Banyak orang percaya umbai cacing tidak berguna dan organ vestigial (sisihan), sebagian yang lain percaya bahwa apendiks mempunyai fungsi dalam sistem limfatik. Operasi membuang umbai cacing dikenal sebagai appendiktomi. E. Rektum dan Anus Rektum adalah sebuah ruangan yang berawal dari usus besar (setelah kolon sigmoid) dan berakhir di anus. Organ ini berfungsi sebagai tempat penyimpanan sementara feses. Biasanya rektum ini kosong karena tinja disimpang ditempat yang lebih tinggi, yaitu pada kolon desendens. Jika kolon desendens penuh dan tinja masuk ke dalam rektum, maka timbul keinginan untuk buang air besar (BAB). Mengembangnya dinding rektum karena penumpukan material didalam rectum akan memicu sistem saraf yang menimbulkan keinginan untuk melakukan defekasi. Jika defekasi tidak terjadi, seringkali material akan dikembalikan ke usus besar, dimana penyerapan air akan kembali dilakukan. Jika defekasi tidak terjadi untuk periode yang lama, konstipasi dan pengerasan feses akan terjadi. Orang dewasa dan anak yang lebih tua bisa menahan keinginan ini, tetapi bayi dan anak yang lebih muda mengalami kekurangan dalam pengendalian otot yang penting untuk menunda BAB. Anus merupakan lubang di ujung saluran pencernaan, dimana bahan limba keluar dari tubuh. Sebagian besar anus terbentuk dari permukaan tubuh (kulit) dan sebagian lainnya dari usus. Pembukaan dan penutupan anus diatur oleh otot spinter. Feses dibuang dari tubuh melalui proses defekasi (buang air besar – BAB), yang merupakan fungsi utama anus.



3. PENGERTIAN Tifoid adalah penyakit infeksi sistemik akut yang disebabkan infeksi salmonella Thypi.

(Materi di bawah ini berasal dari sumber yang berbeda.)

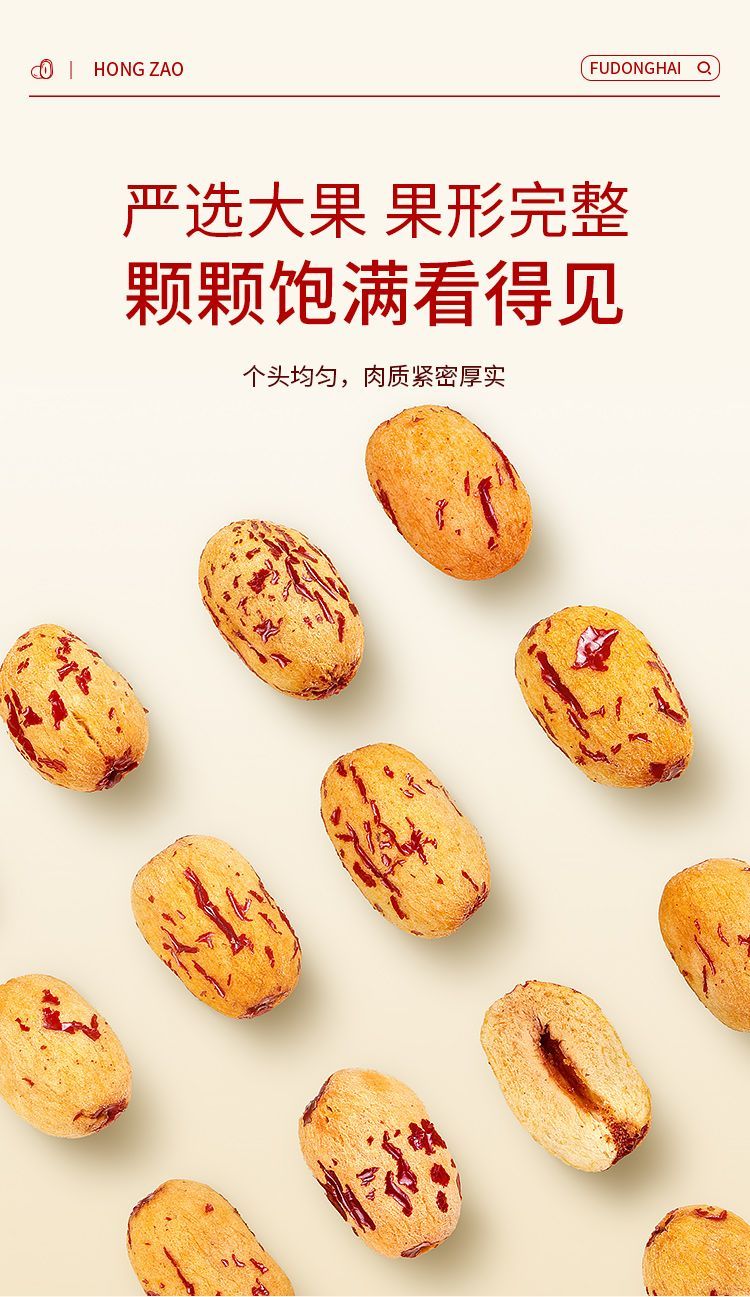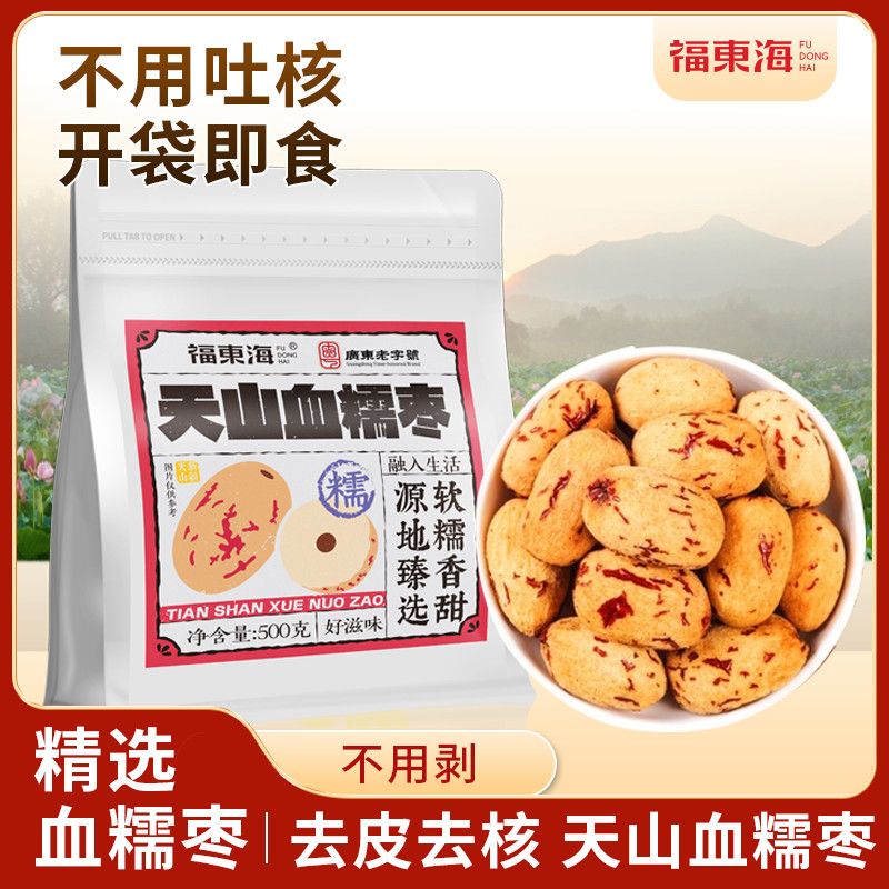 福东海天山血糯枣500g 去皮去核新疆无核红枣灰枣零食
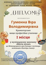 Вітаємо переможців у кулінарному виклику "Магія кухні" до Міжнародного дня кухаря і кулінара викладача Віру ГУМЕННУ і студентку Аліну ЖАРКИХ!
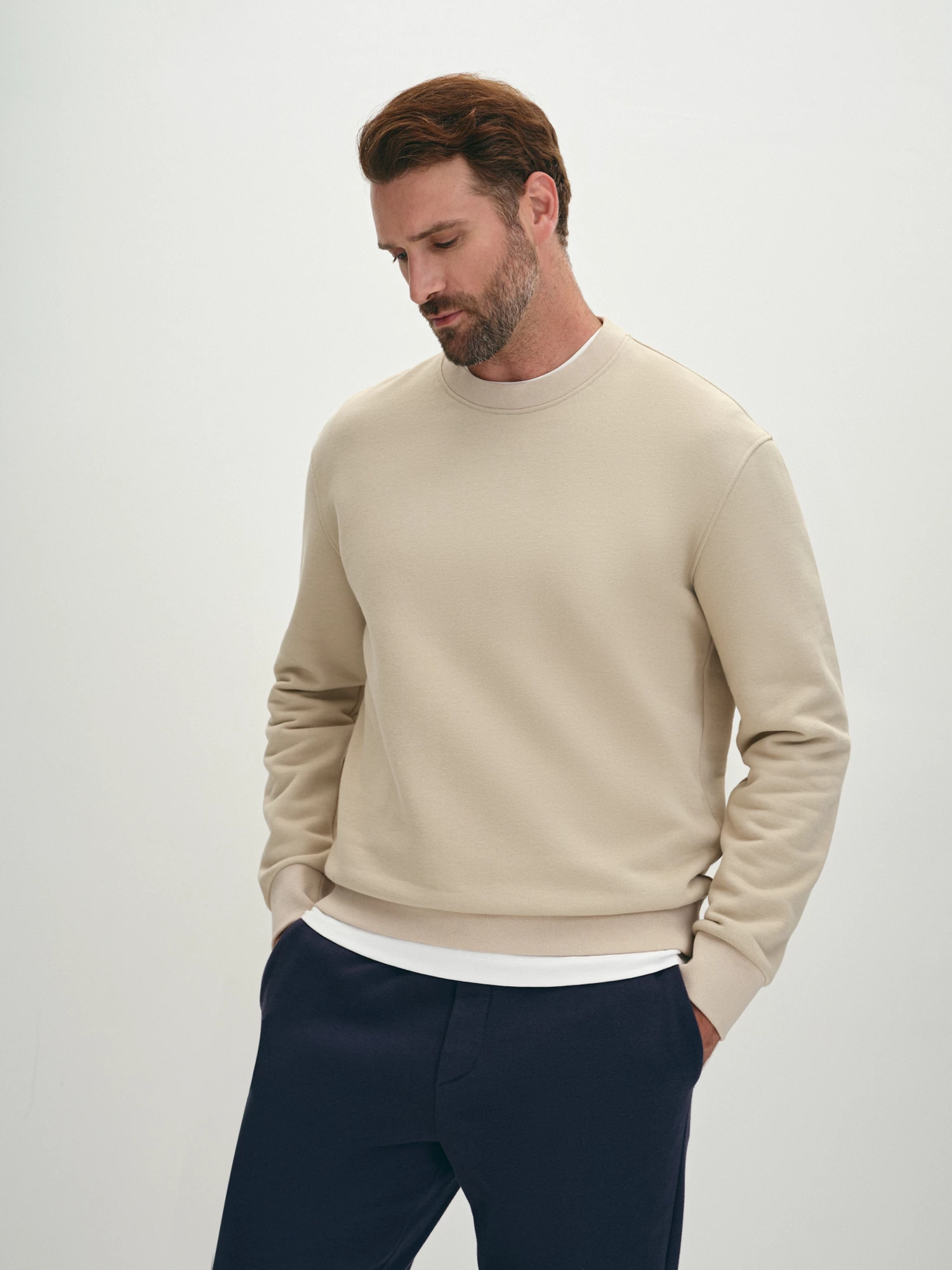 Джемпер выполнен из плотного хлопкового трикотажа песочного цвета. Такое полотно характеризуется тактильно приятным начесом с изнаночной стороны. Свитшот отличается аккуратным круглым вырезом, эластичными манжетами и резинкой по низу изделия. Обтачка горловины, манжеты и низ изделия выполнены из трикотажа "рибана", внешне напоминающего вязаную резинку. Рибана известна хорошей плотностью и эластичностью.
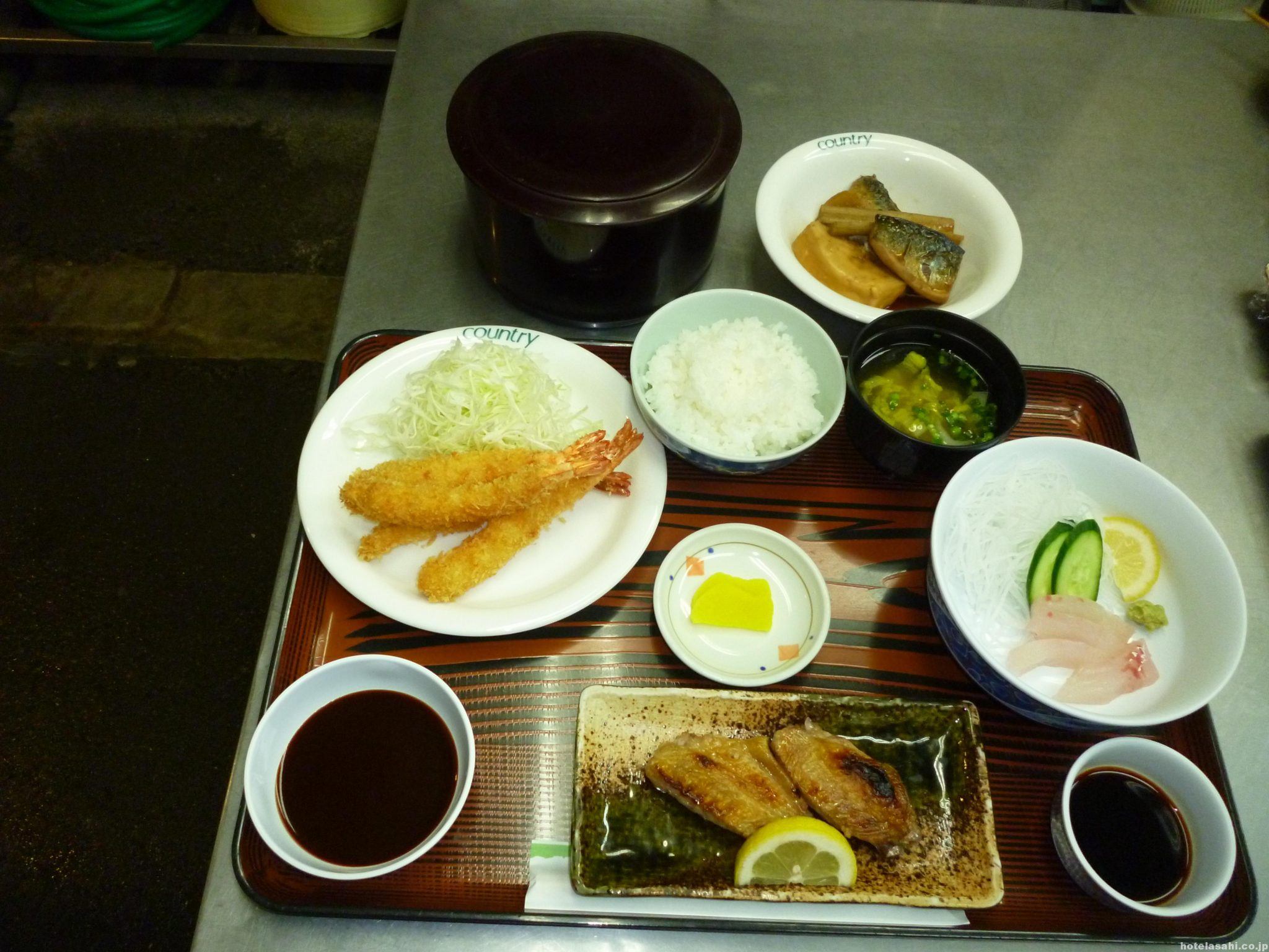 本日のメニュ-は鯛刺身.サバ煮付け.エビフライ.手羽先塩焼きです

Organisme ini masuk melalui makanan dan minuman yang sudah terkontaminasi oleh faeses dan urine dari orang yang terinfeksi kuman salmonella (Smeltzer & Bare. 2002. Keperawatan Medikal Bedah II. Jakarta: EGC). Tifoid adalah penyakit infeksi akut usus halus yang disebabkan oleh kuman salmonella Thypi (Mansjoer, Arif. 2009. Kapita Selekta Kedokteran, Jakarta : Media Aesculapius.). 4. ETIOLOGI Etiologi demam thypoid adalah salmonella thypi (S.thypi) 90 % dan salmonella parathypi (S. Parathypi Adan B serta C). Bakteri ini berbentuk batang, gram negatif, mempunyai flagela, dapat hidup dalam air, sampah dan debu. Namun bakteri ini dapat mati dengan pemanasan suhu 600 selama 15-20 menit. Akibat infeksi oleh salmonella thypi, pasien membuat antibodi atau aglutinin yaitu :  Aglutinin O (antigen somatik) yang dibuat karena rangsangan antigen O (berasal dari tubuh kuman).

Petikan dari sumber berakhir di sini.